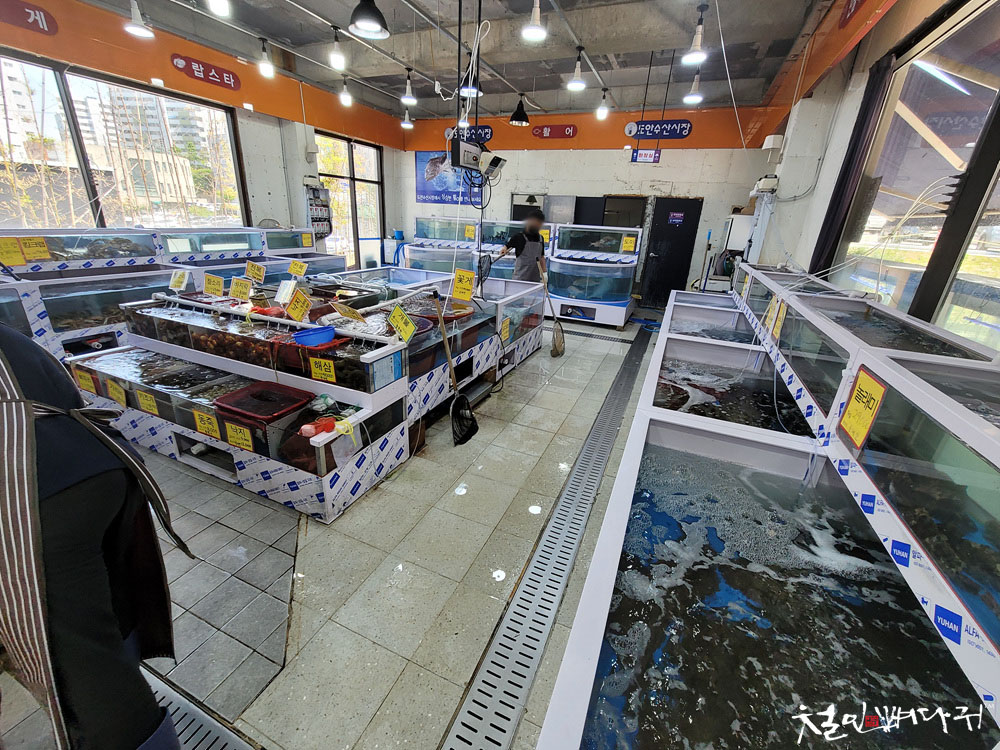 다른 곳의 큰 수산물 판매하는 곳보다 작지만
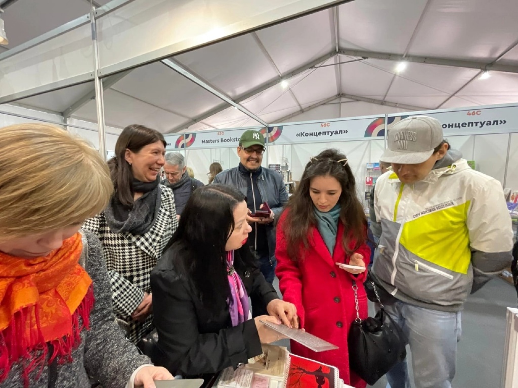 После окончания встречи общение с спикерами встречи и знакомство с книгами было продолжено на стенде национальных литератур народов России.
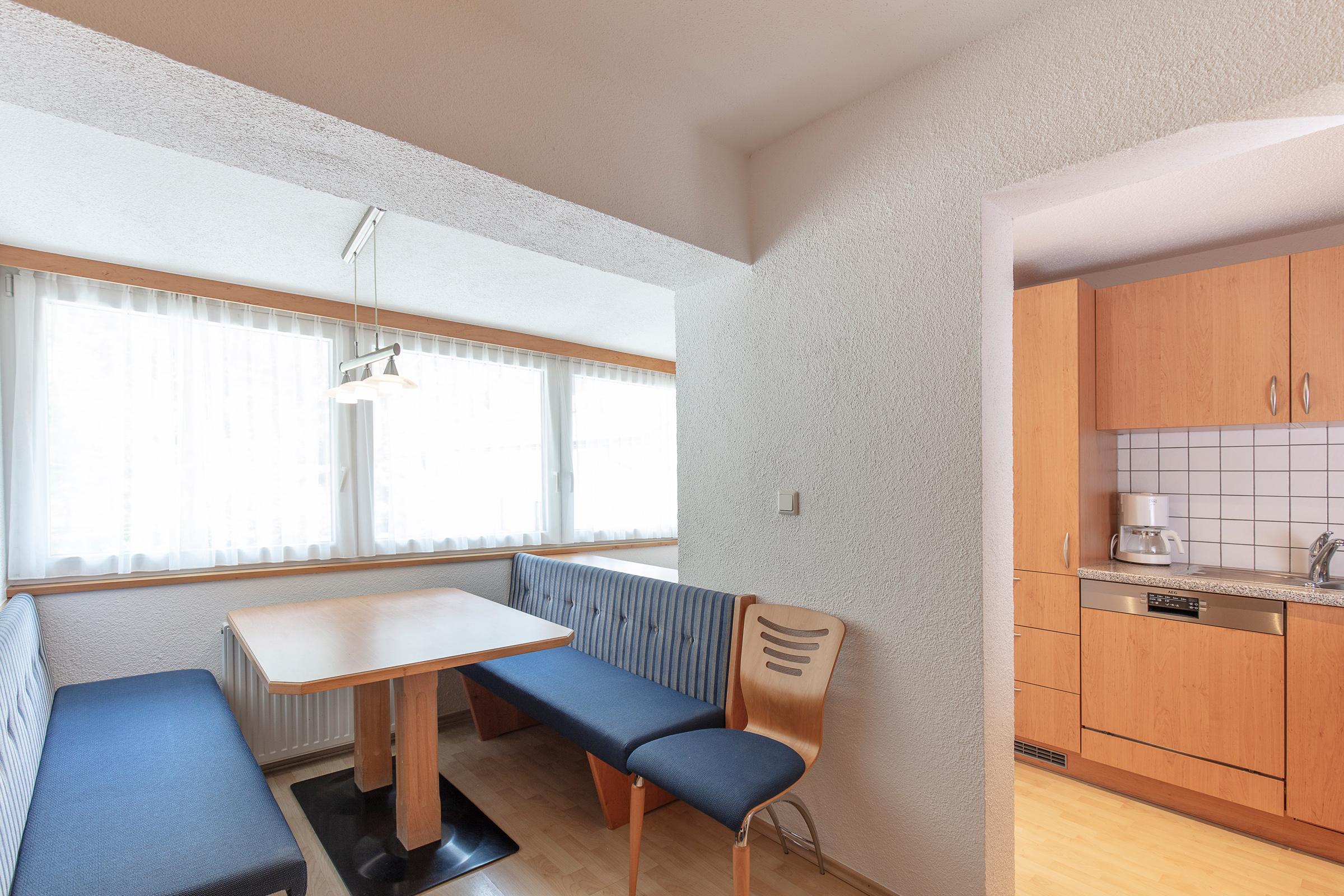 Appartement mit 2 Doppelzimmer mit Verbindungstüre, jeweils mit TV, Balkon; 2 Badezimmer mit jeweils Dusche/WC/Haarföhn; Wohnraum mit Schlafcouch, TV, Essecke und Kochnische mit Geschirrspülmaschine, Ceranfeld, Backofen, Kaffeemaschine, Mikrowelle, Kühlschrank mit Gefrierfach. Größe ca. 57 m²

**Problem statement**
Repeat the data exactly, dropping every picture it holds.

**Answer box**
 다른 곳의 큰 수산물 판매하는 곳보다 작지만
 После окончания встречи общение с спикерами встречи и знакомство с книгами было продолжено на стенде национальных литератур народов России.
 Appartement mit 2 Doppelzimmer mit Verbindungstüre, jeweils mit TV, Balkon; 2 Badezimmer mit jeweils Dusche/WC/Haarföhn; Wohnraum mit Schlafcouch, TV, Essecke und Kochnische mit Geschirrspülmaschine, Ceranfeld, Backofen, Kaffeemaschine, Mikrowelle, Kühlschrank mit Gefrierfach. Größe ca. 57 m²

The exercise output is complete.